Oooh yes sounds as though things are happening.
Hope all is going well :thumbup:


----------



## Taylorbaby (Jan 10, 2009)

all my first timers go in the loo as they think they need the loo, sounds as thought she has started  keep us updated!


----------



## Taylorbaby (Jan 10, 2009)

cathy2202 said:


> Hiya
> 
> Good luck to you!
> 
> ...


only 1 of mine stopped eating 2days before, ate very little, the other ate right up until and after the birth!!!!


----------



## alisondalziel (Oct 8, 2008)

Hiya,

She's still not having many contractions. I've given her caulophyllum but nothing seems to have changed.

She can't reach to clean herself so i need to keep wiping her with tissues.

She didn't stop eating at any point and is still eating today. If i opened some food she would cry to get some.

There really has been no signs at all apart from crying in my face at 9 this morning!!

today is day 67 for my girl.


----------



## 2flowers (Jan 24, 2010)

Hopefully things will start to happen soon, if not a trip to your vet may be in order as sometimes oxytocin may need to be given to help with the contractions.


----------



## alisondalziel (Oct 8, 2008)

She has a few meows then settles down to sleep again. The discharge seems to have stopped now.

I'll see how she goes this evening.

I think it can be up to 24 hours after the show that things start happening so i'm not worried, she's in no distress.


----------



## lymorelynn (Oct 4, 2008)

Hope there's more progress soon


----------



## alisondalziel (Oct 8, 2008)

She is now having contractions every 5ish minutes!!


----------



## Chez87 (Aug 11, 2010)

Eeeee this is so exciting!!!


----------



## alisondalziel (Oct 8, 2008)

yeah i am very excited!!

can't wait to meet my kitties!


----------



## DKDREAM (Sep 15, 2008)

hope it goes well and all are born healthy x


----------



## Aurelia (Apr 29, 2010)

When you say 'contractions' what do you mean? Describe what she is doing.

Also why would you wipe her with tissue? I'd never do that... think of infection


----------



## alisondalziel (Oct 8, 2008)

I mean she is contracting. Having given birth twice myself i know what they are! Only a few every 5-10 minutes though.

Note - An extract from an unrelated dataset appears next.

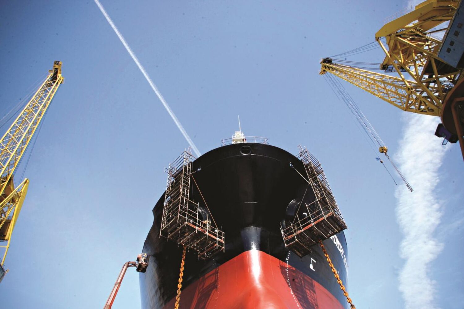 Na cabina de João Toscano, com vista aérea colossal sobre a doca 20, onde se encontra em trabalhos de decapagem do casco o navio de bandeira grega ‘Filikon' - 150 mil toneladas de porte em 275 metros de comprimento -, comanda-se a movimentação de peças e equipamentos com mais de 100 toneladas de peso ou as comportas de 440 toneladas, que separam as águas do Sado das docas secas. Subindo mais uns lances de escada, já a 90 metros de altura, no topo do pórtico - 150 metros de largura - avistam-se os restantes navios no estaleiro. As outras cinco docas estão ocupadas: no Hydrolift - com três docas de acesso comum - estão em reparação o ‘Club Med 2', navio francês de passageiros, o graneleiro dinamarquês ‘Nord-pol' e o petroleiro cipriota ‘Ardmore Seatrader'. Junto ao ‘Filikon', nas docas 21 e 22 estão os petroleiros ‘Sanko Advance' e o ‘Seaexpress', liberiano e filipino, respectivamente. O dia soalheiro que se formou ao cair da neblina matinal é a prova de uma das mais-valias desta região portuguesa na reparação naval: o clima.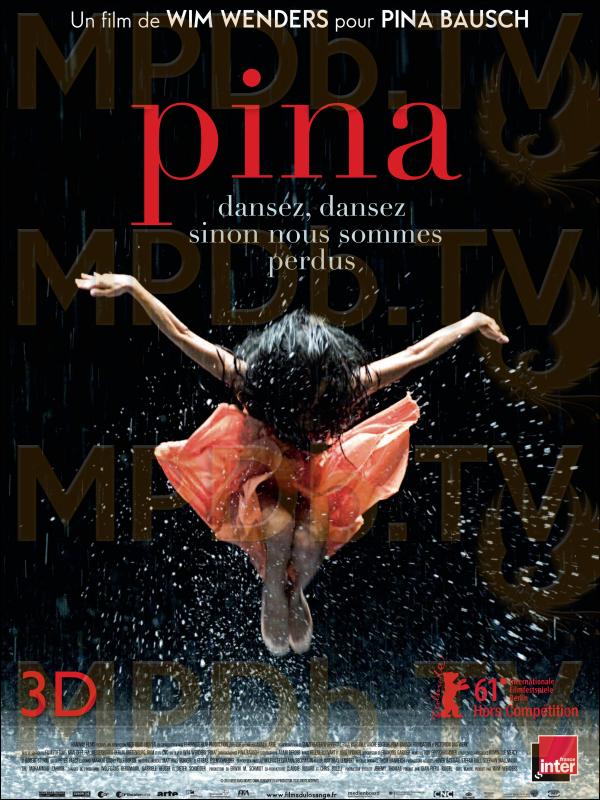 PINA est un film pour Pina Bausch de Wim Wenders.C'est un film dansé en 3D, porté par l'Ensemble du Tanztheater Wuppertal et l'art singulier de sa chorégraphe disparue à l'été 2009.Ses images nous convient à un voyage au coeur d'une nouvelle dimension, d'abord sur la scène de ce légendaire Ensemble, puis hors du théâtre, avec les danseurs, dans la ville de Wuppertal et ses environs - cet endroit dont Pina Bausch a fait son port d'attache durant 35 ans et où elle a puisé sa force créatrice.

Her tummy is so large that she is unable to lick herself so instead of leaving her fur covered in liquid and blood i've been dabbing her with tissues. I don't see any problem with that.

Nothing much is happening at the moment she's lying around resting.


----------



## dougal22 (Jun 18, 2010)

alisondalziel said:


> Nothing much is happening at the moment she's lying around resting.


I hope you're getting some rest too while your girl is resting


----------



## Tje (Jan 16, 2010)

alisondalziel said:


> I mean she is contracting. Having given birth twice myself i know what they are! Only a few every 5-10 minutes though.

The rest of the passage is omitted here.